Why Orphan Pages Hurt You

Internal links do two jobs: they tell crawlers a page exists and matters, and they pass authority through your site's structure. A page cut off from that network loses both signals. The practical consequences:

Crawl starvation. Googlebot prioritizes URLs it discovers through links. Sitemap-only discovery is a weaker signal, so orphans get crawled rarely or not at all.
Diluted authority. A page with no inbound internal links sits at the bottom of your PageRank distribution, even if the content is strong.
Index bloat and confusion. Old orphans (expired campaigns, deprecated products, staging leftovers) clutter your index and can trigger thin-content or duplicate signals.
Hidden revenue. A genuinely valuable page nobody links to is wasted inventory. Connecting it often produces fast ranking gains because the content already exists.

The Core Method: Three Datasets, Two Diffs

You cannot find orphans from a single source. A crawler that starts at your homepage and follows links will never reach an orphan by definition, so the crawl alone can't surface them. The reliable approach is to assemble three independent inventories of your URLs and compare them.

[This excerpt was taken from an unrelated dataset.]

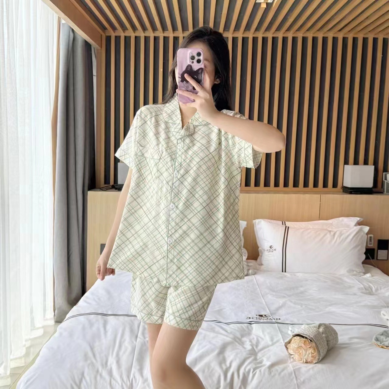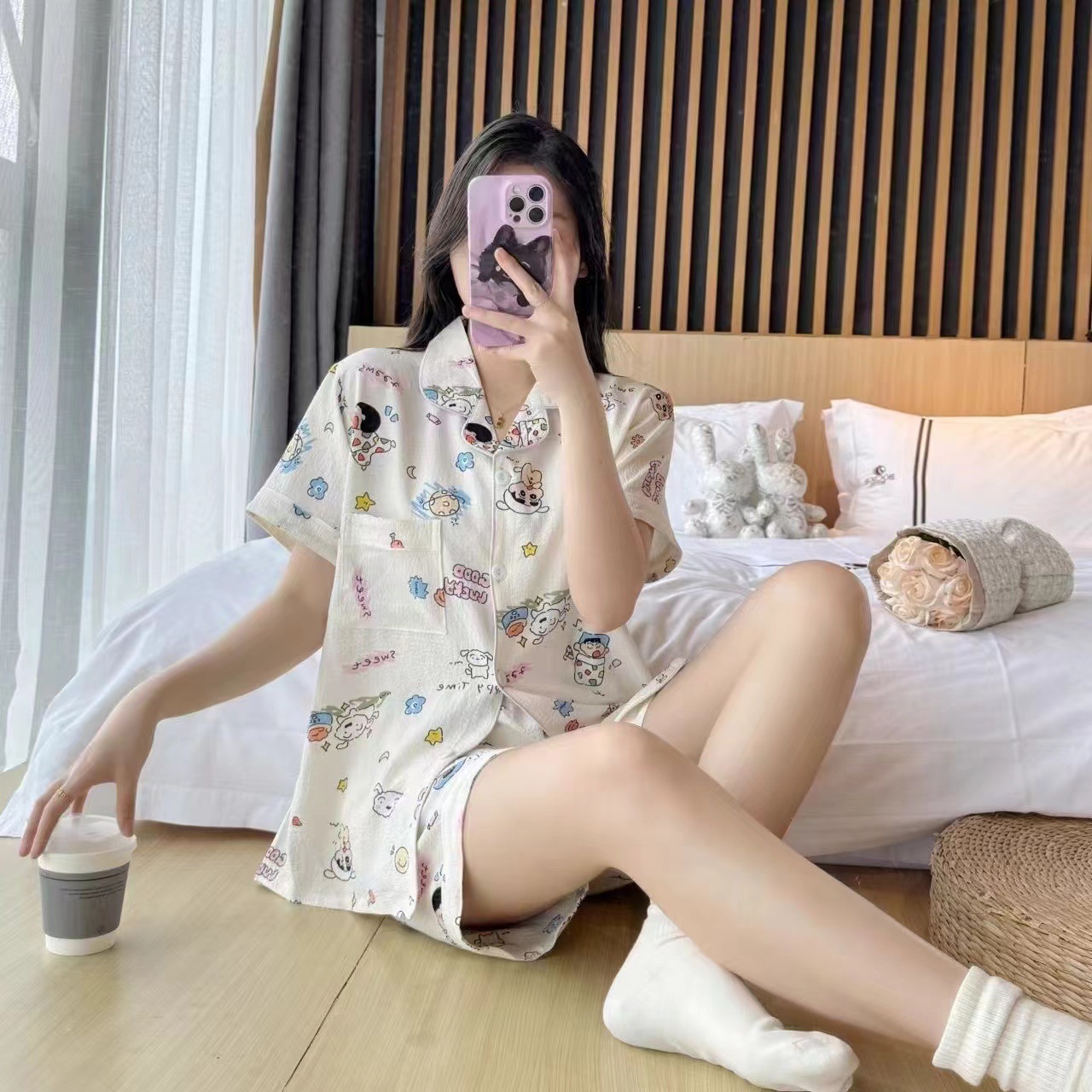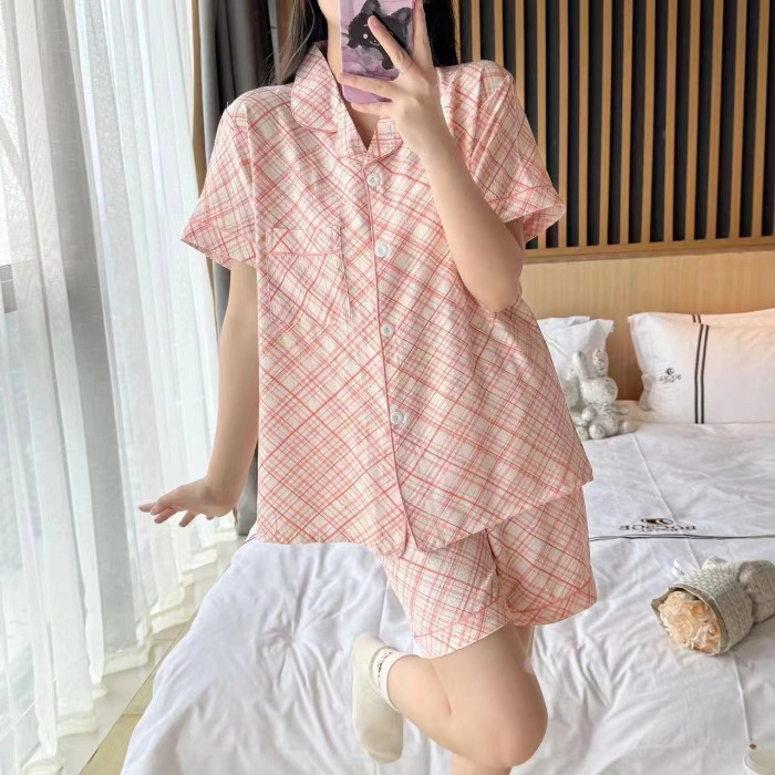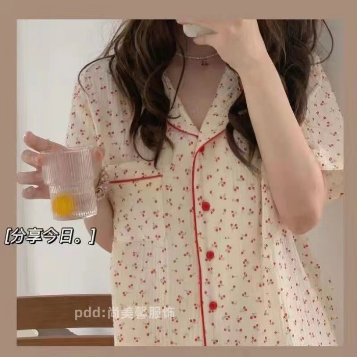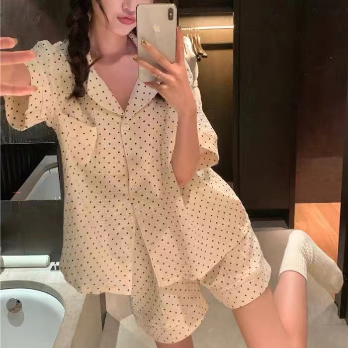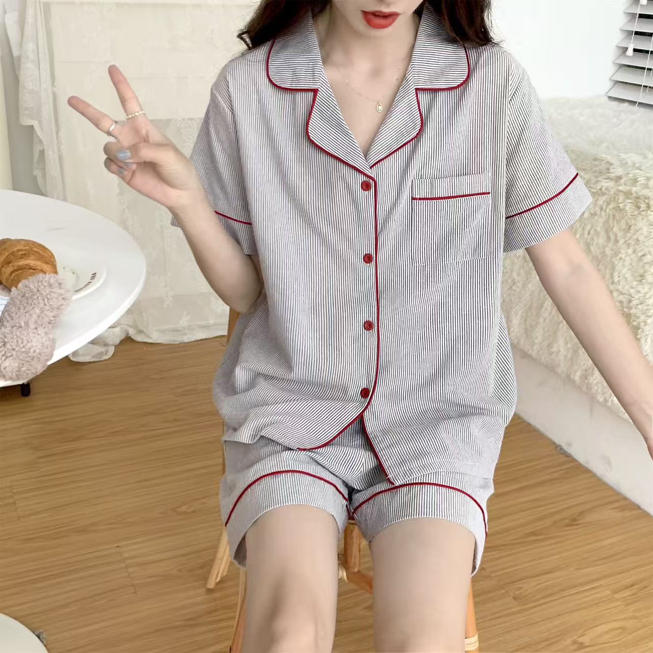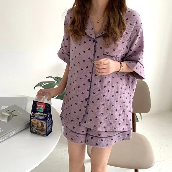 라이브 팩 폭발 짧은 소매 반바지 버블 코튼 파자마 여성 카디건 만화 귀여운 학생 홈 옷스토어 가기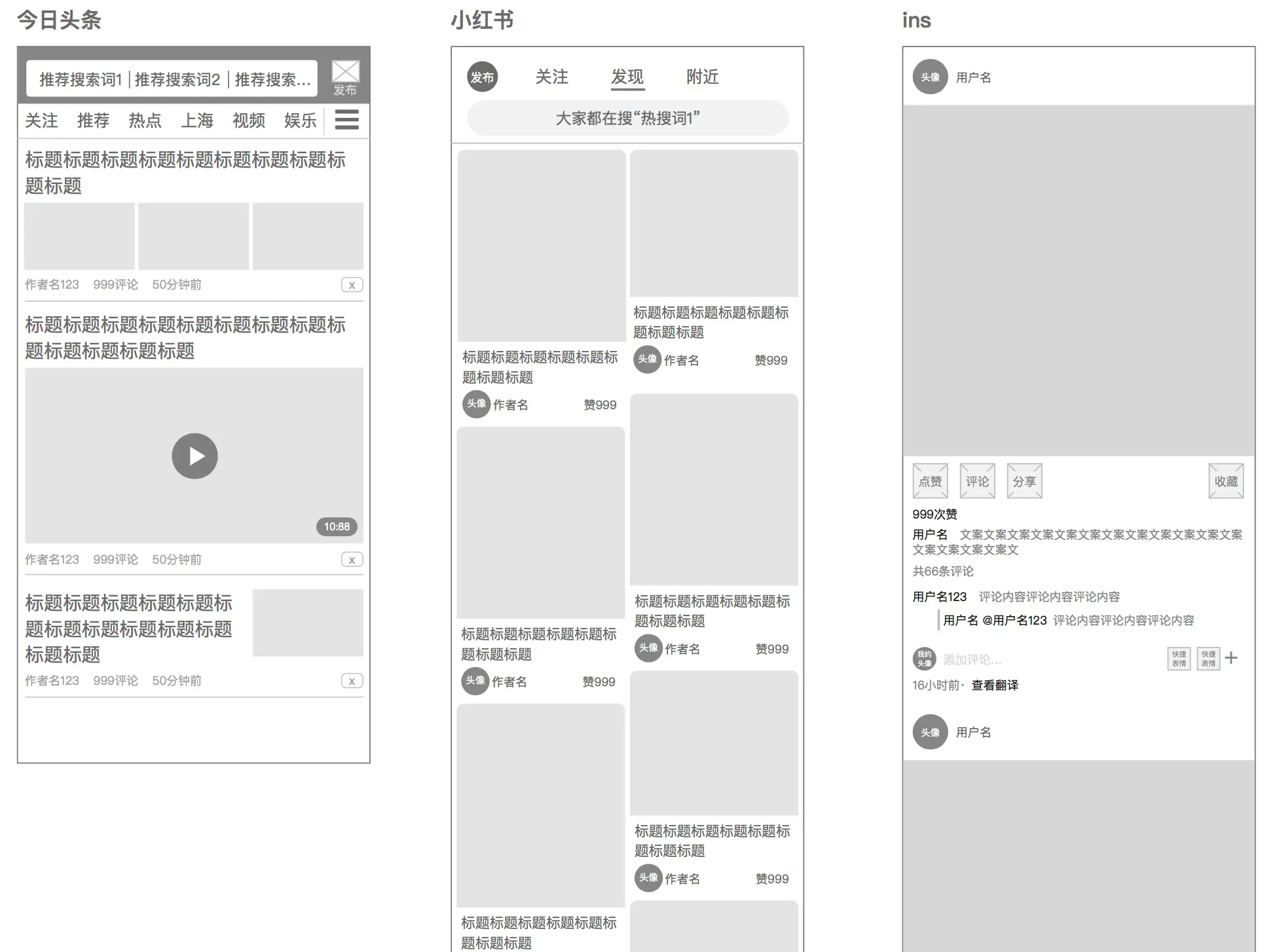 字段:头像、用户名、图/视频、更多操作(关注/举报/分享)、点赞、评论、分享、收藏、用户评论

The crawl set, every URL reachable by following internal links from your homepage. Run a link-following crawl with Screaming Frog, Sitebulg, or a similar tool, starting from the root with sitemap-crawling disabled so you measure pure link reachability.
The sitemap set, every URL you've declared in your XML sitemaps. Export these directly, or have your crawler ingest the sitemap as a separate list.
The known-URL set, every URL that actually receives traffic or gets crawled, pulled from server access logs and/or Google Search Console (the Pages report and the URL Inspection API). Analytics landing-page exports work as a supplement.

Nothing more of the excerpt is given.